--- EXERCISE ---
Retype exactly every line from the one that includes "2022年夏に楽しみたいこと・力を入れたいこと「旅行など思い出づくり」" through the final line of the listing, both ends kept, and omit the pictures.

--- GIVEN INFORMATION ---
━━━
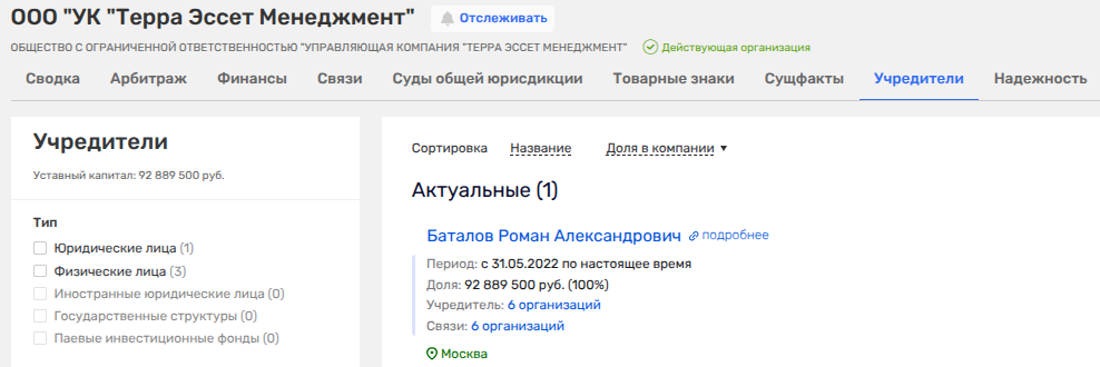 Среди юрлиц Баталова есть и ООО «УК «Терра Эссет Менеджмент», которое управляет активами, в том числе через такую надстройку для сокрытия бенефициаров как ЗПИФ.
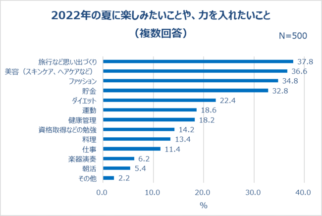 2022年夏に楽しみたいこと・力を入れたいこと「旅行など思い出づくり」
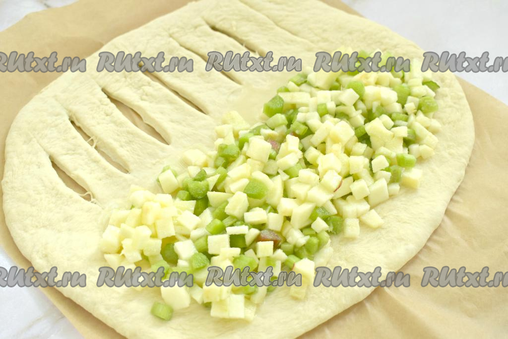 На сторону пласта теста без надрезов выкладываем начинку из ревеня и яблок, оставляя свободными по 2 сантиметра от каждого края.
━━━
--- WRITTEN SOLUTION ---
 2022年夏に楽しみたいこと・力を入れたいこと「旅行など思い出づくり」
 На сторону пласта теста без надрезов выкладываем начинку из ревеня и яблок, оставляя свободными по 2 сантиметра от каждого края.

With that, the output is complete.